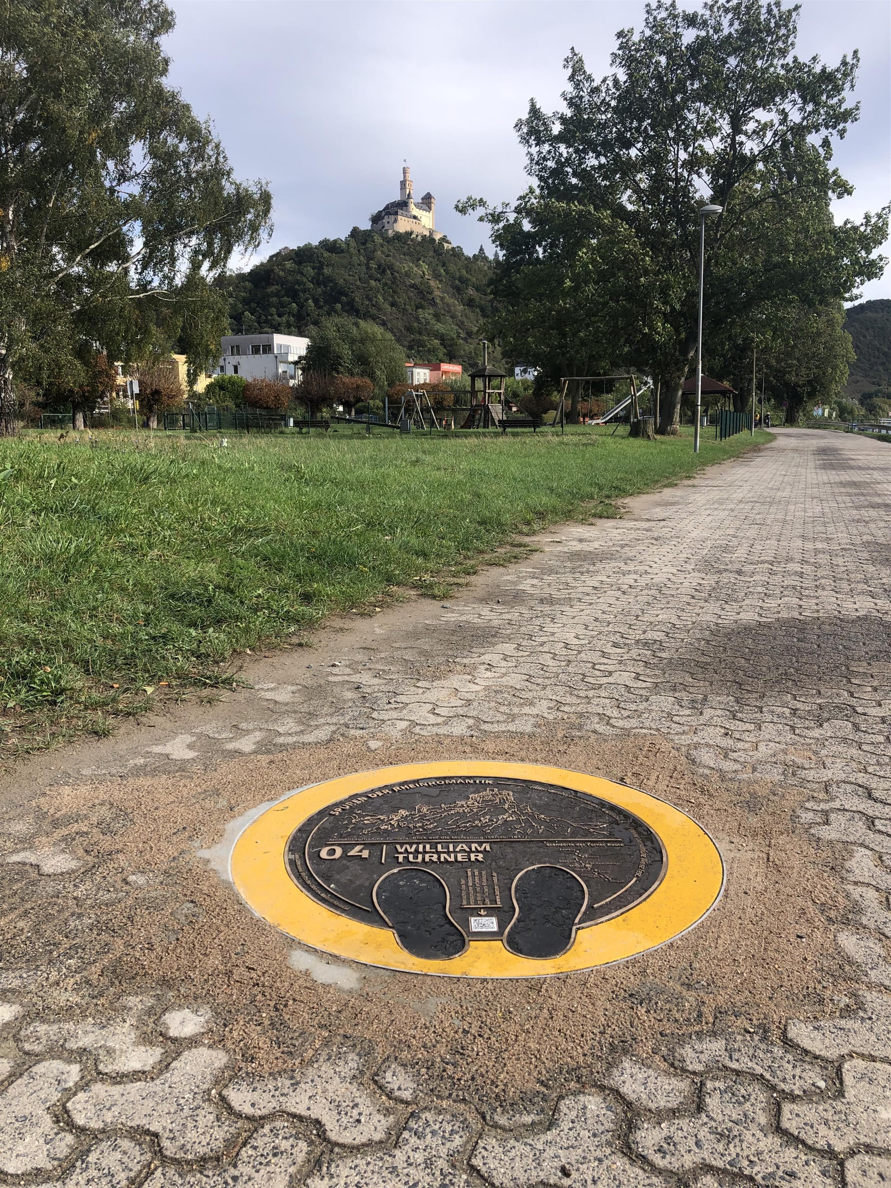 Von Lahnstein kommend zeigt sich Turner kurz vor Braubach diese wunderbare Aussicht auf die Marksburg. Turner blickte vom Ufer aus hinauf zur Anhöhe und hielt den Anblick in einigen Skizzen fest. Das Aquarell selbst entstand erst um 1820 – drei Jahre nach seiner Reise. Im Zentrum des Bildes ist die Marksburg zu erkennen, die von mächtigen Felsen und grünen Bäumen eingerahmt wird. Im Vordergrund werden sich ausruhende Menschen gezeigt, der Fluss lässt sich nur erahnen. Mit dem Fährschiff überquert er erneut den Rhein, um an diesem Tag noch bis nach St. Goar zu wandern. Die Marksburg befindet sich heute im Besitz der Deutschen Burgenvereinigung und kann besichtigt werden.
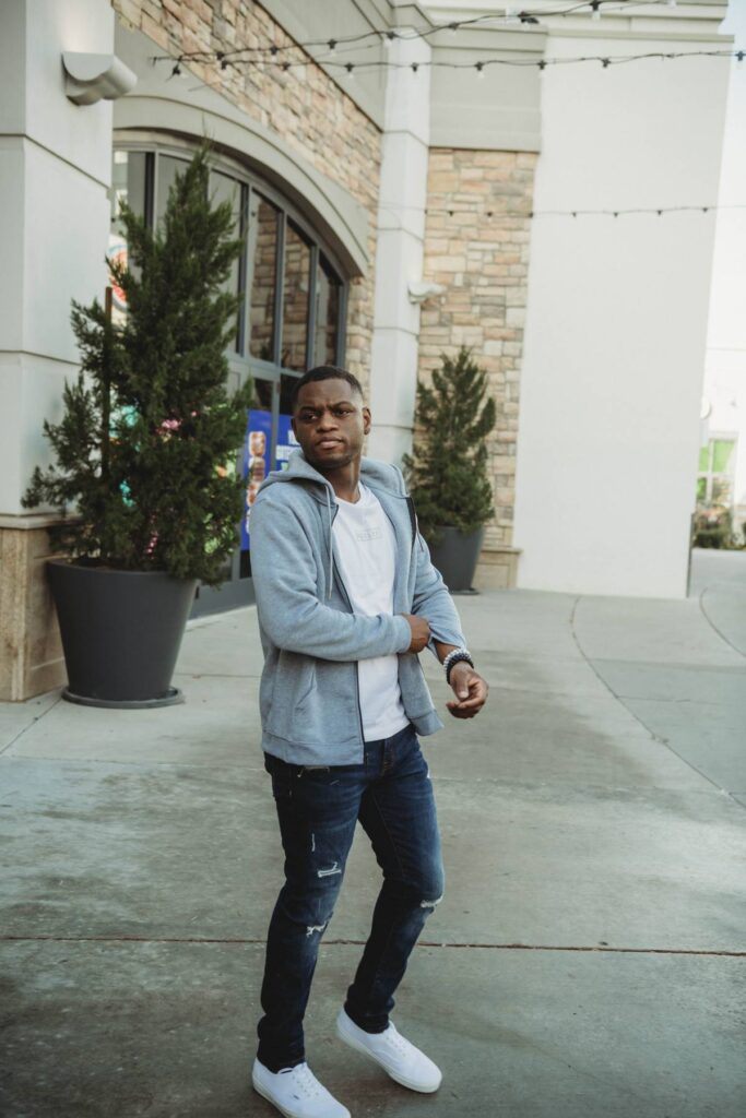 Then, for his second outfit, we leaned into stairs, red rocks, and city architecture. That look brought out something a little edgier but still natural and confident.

--

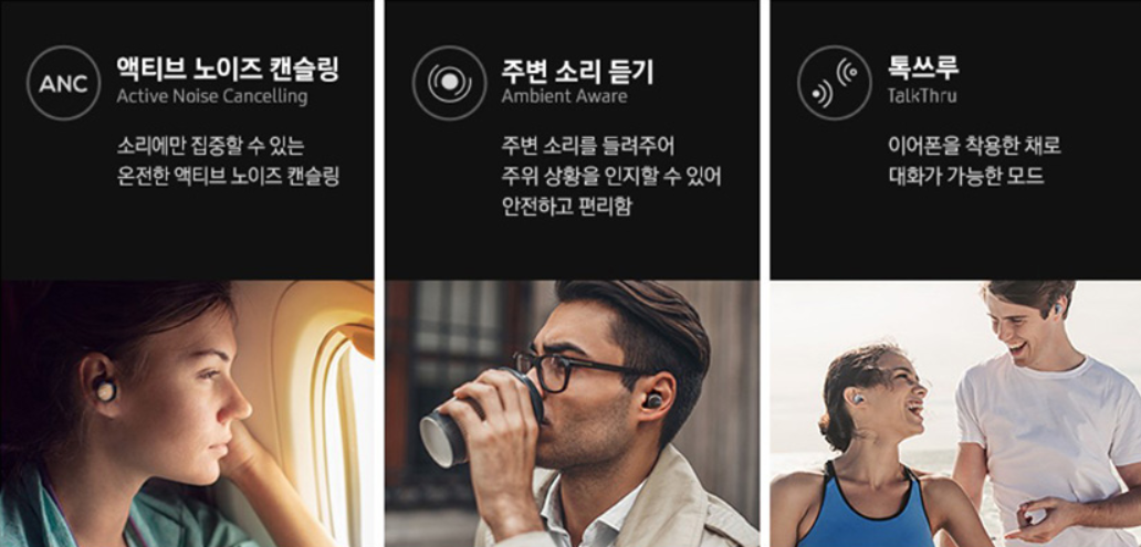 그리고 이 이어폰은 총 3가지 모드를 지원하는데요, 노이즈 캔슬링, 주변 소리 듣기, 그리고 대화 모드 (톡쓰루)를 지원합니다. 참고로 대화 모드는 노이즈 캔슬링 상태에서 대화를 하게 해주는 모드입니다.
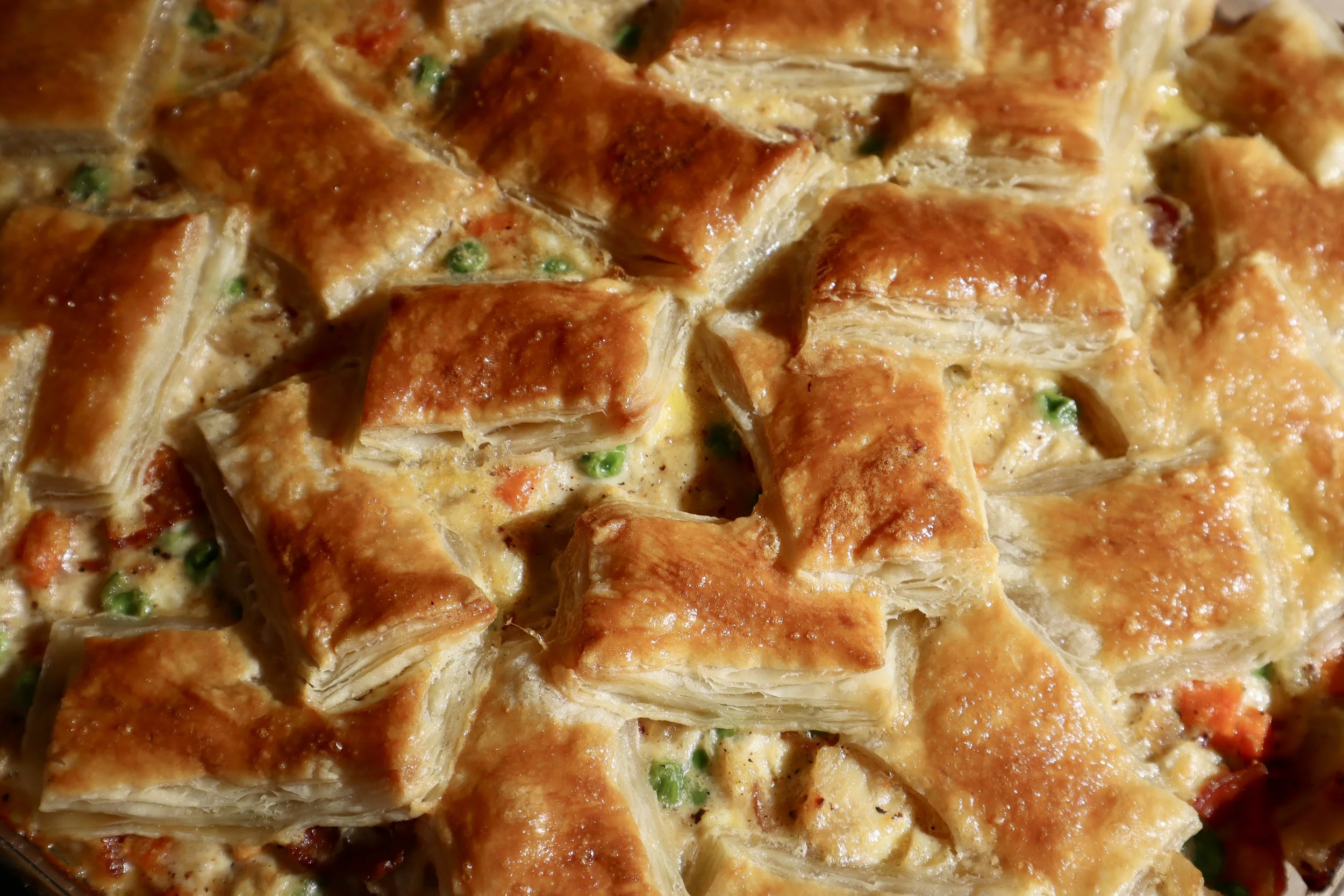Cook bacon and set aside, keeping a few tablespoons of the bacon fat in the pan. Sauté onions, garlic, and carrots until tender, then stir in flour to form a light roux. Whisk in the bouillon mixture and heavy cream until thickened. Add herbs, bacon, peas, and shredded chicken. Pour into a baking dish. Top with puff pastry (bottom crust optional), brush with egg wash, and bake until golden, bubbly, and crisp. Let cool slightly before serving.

### [EXERCISE INSTRUCTIONS]
In the listing above, find the line with "그리고 이 이어폰은 총" and the line with "Cook bacon and". Copy both of them and every line between, exactly, but not the pictures.

### [EXERCISE RESPONSE]
 그리고 이 이어폰은 총 3가지 모드를 지원하는데요, 노이즈 캔슬링, 주변 소리 듣기, 그리고 대화 모드 (톡쓰루)를 지원합니다. 참고로 대화 모드는 노이즈 캔슬링 상태에서 대화를 하게 해주는 모드입니다.
Cook bacon and set aside, keeping a few tablespoons of the bacon fat in the pan. Sauté onions, garlic, and carrots until tender, then stir in flour to form a light roux. Whisk in the bouillon mixture and heavy cream until thickened. Add herbs, bacon, peas, and shredded chicken. Pour into a baking dish. Top with puff pastry (bottom crust optional), brush with egg wash, and bake until golden, bubbly, and crisp. Let cool slightly before serving.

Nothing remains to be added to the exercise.